Comparative and Evolutionary Analysis of the HES/HEY Gene Family Reveal Exon/Intron Loss and Teleost Specific Duplication Events

BACKGROUND: HES/HEY genes encode a family of basic helix-loop-helix (bHLH) transcription factors with both bHLH and Orange domain. HES/HEY proteins are direct targets of the Notch signaling pathway and play an essential role in developmental decisions, such as the developments of nervous system, somitogenesis, blood vessel and heart. Despite their important functions, the origin and evolution of this HES/HEY gene family has yet to be elucidated. METHODS AND FINDINGS: In this study, we identified genes of the HES/HEY family in representative species and performed evolutionary analysis to elucidate their origin and evolutionary process. Our results showed that the HES/HEY genes only existed in metazoans and may originate from the common ancestor of metazoans.
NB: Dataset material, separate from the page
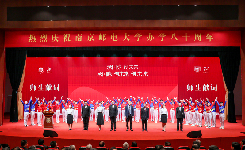 校長(zhǎng)葉美蘭代表學(xué)校作了題為《八秩承國(guó)脈 一流創(chuàng)未來(lái)》的高質(zhì)量發(fā)展報(bào)告。她回望南郵因郵電而生,隨通信而長(zhǎng),由信息而強(qiáng)的八十年辦學(xué)歷程,抗日烽火中,熱血鑄魂,南郵人戰(zhàn)火生根、精神鑄就,為黨培育紅色郵電英才;共和國(guó)初創(chuàng)時(shí),篳路藍(lán)縷,南郵人艱苦創(chuàng)建、勇毅前行,為新中國(guó)建設(shè)培養(yǎng)綠色通信人才;改革開(kāi)放后,勇立潮頭,南郵人務(wù)實(shí)進(jìn)取、敢為人先,為祖國(guó)繁榮富強(qiáng)培養(yǎng)藍(lán)色信息人才。八十載國(guó)脈擔(dān)當(dāng),八十載信息報(bào)國(guó),南郵從抗戰(zhàn)烽火中走來(lái),沿著共和國(guó)的紅色大道,留下了八十載與黨和國(guó)家同向同行的奮進(jìn)足跡。南郵的80年,是傳承紅色基因、賡續(xù)紅色血脈的80年;是堅(jiān)持立德樹(shù)人、哺育桃李芬芳的80年;是服務(wù)國(guó)家需要、緊跟戰(zhàn)略布局的80年。近十年來(lái),南京郵電大學(xué)扎根中國(guó)大地,以“調(diào)結(jié)構(gòu),促轉(zhuǎn)型;補(bǔ)短板,上水平;強(qiáng)特色,創(chuàng)一流”的戰(zhàn)略思想為指引,開(kāi)創(chuàng)了內(nèi)涵發(fā)展全面提升的黃金時(shí)期。這十年,是學(xué)校轉(zhuǎn)型發(fā)展、勇攀一流的新十年;是學(xué)校提升規(guī)模、追求卓越的新十年;是學(xué)校創(chuàng)新引領(lǐng)、屢結(jié)碩果的新十年。面向未來(lái),在實(shí)施科教興國(guó)戰(zhàn)略、人才強(qiáng)國(guó)戰(zhàn)略、創(chuàng)新驅(qū)動(dòng)發(fā)展戰(zhàn)略的進(jìn)程中,全體南郵人將賡續(xù)紅色基因,懷抱山河、情懷家國(guó);將矢志追求卓越,馳而不息、勇創(chuàng)一流;將堅(jiān)持傳承創(chuàng)新,特色發(fā)展、篤行致遠(yuǎn)。攜手并肩,錨定一流、接續(xù)奮斗,在建設(shè)國(guó)家一流學(xué)科和江蘇高水平大學(xué)、向研究型大學(xué)轉(zhuǎn)型的道路上披荊斬棘、砥礪前行!在實(shí)現(xiàn)中華民族偉大復(fù)興的征程中燃燒激情、揮灑汗水!共建偉大祖國(guó),共創(chuàng)美好南郵!

We identified HES/HEY genes in more than 10 species representing the main lineages. Combining the bHLH and Orange domain sequences, we constructed the phylogenetic trees by different methods (Bayesian, ML, NJ and ME) and classified the HES/HEY gene family into four groups. Our results indicated that this gene family had undergone three expansions, which were along with the origins of Eumetazoa, vertebrate, and teleost. Gene structure analysis revealed that the HES/HEY genes were involved in exon and/or intron loss in different species lineages. Genes of this family were duplicated in bony fishes and doubled than other vertebrates. Furthermore, we studied the teleost-specific duplications in zebrafish and investigated the expression pattern of duplicated genes in different tissues by RT-PCR. Finally, we proposed a model to show the evolution of this gene family with processes of expansion, exon/intron loss, and motif loss. CONCLUSIONS: Our study revealed the evolution of HES/HEY gene family, the expression and function divergence of duplicated genes, which also provide clues for the research of Notch function in development. This study shows a model of gene family analysis with gene structure evolution and duplication.